[DATA PROVIDED Boundary: Start]

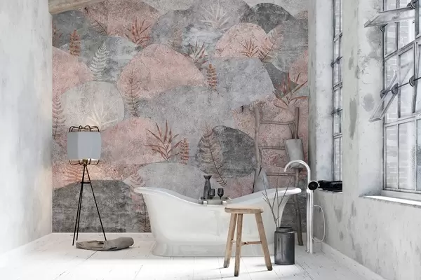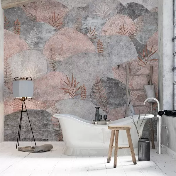 Fotomurales Piedras con plantas, helecho, nórdico, estilo rústico, colores gris y rosa Nr. w04064v1
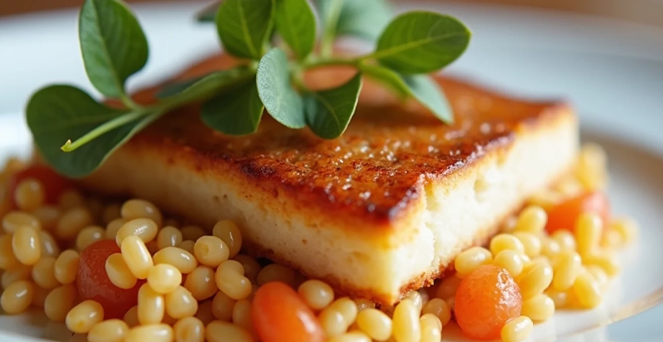 Le turbot, considéré comme le roi des poissons plats, est ici sublimé par une cuisson au beurre de baratte qui lui confère une saveur riche et une texture fondante. Il est accompagné d’un risotto crémeux aux morilles, champignons nobles qui apportent une note terreuse et boisée. Le jus de veau, réduit et concentré, vient lier l’ensemble, créant un pont gustatif entre la mer et la terre. Ce plat démontre que les mariages de saveurs audacieux peuvent donner naissance à des créations culinaires exceptionnelles.
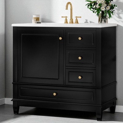 Upgrade your bathroom with this 36" modern vanity in a crisp white finish, paired with a durable ceramic sink. Designed for both style and functionality, it features 3 drawers, an adjustable shelf, and spacious under-sink storage to keep your essentials organized. Soft-close doors ensure a quiet and smooth experience, while high-quality materials provide long-lasting durability. Perfect for medium to small bathrooms, this vanity enhances your space with elegance and efficiency.
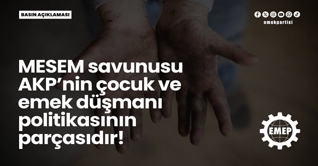 Emek Partisi olarak bir kez daha ifade ediyoruz: MESEM’ler kapatılmalı, çocuk işçiliğine son verilmeli, çocukların yaşamı ve geleceği patronların kâr hırsına teslim edilmemelidir. Mesleki eğitimdeki her çocuğa burs verilmeli. Çocuk ölümleri kader değil, bu politikaların sonucudur.
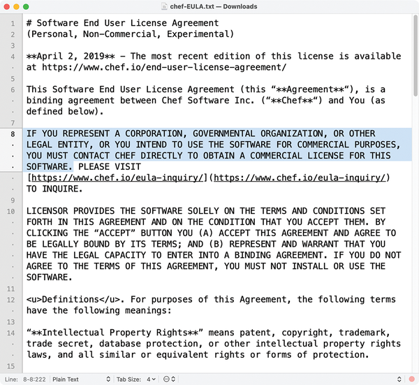 The day that extensive changes to Chef licenses took effect was April 2, 2019 (Figure 1), directly affecting those Chef users who had been using Chef normally like any other FLOSS software.
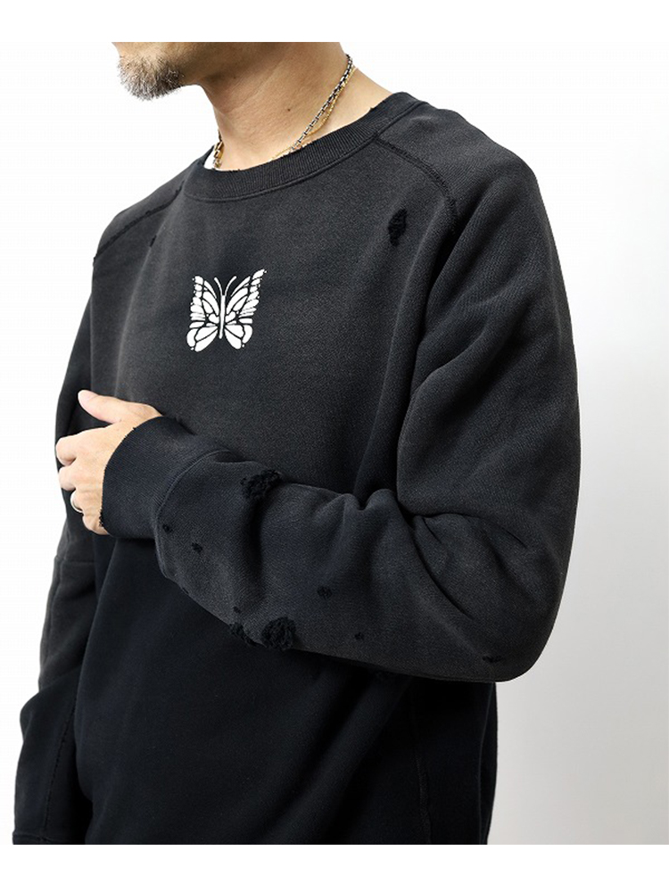 Needles Deconstructed Sweat Shirt 酵素水洗破坏加工蝴蝶卫衣

[DATA PROVIDED Boundary: End]

ABOUT THIS TASK:
Please reproduce the lines above from the one containing "Emek Partisi olarak" through the final line, exactly and inclusively, leaving out each picture.

ANSWER BOX:
 Emek Partisi olarak bir kez daha ifade ediyoruz: MESEM’ler kapatılmalı, çocuk işçiliğine son verilmeli, çocukların yaşamı ve geleceği patronların kâr hırsına teslim edilmemelidir. Mesleki eğitimdeki her çocuğa burs verilmeli. Çocuk ölümleri kader değil, bu politikaların sonucudur.
 The day that extensive changes to Chef licenses took effect was April 2, 2019 (Figure 1), directly affecting those Chef users who had been using Chef normally like any other FLOSS software.
 Needles Deconstructed Sweat Shirt 酵素水洗破坏加工蝴蝶卫衣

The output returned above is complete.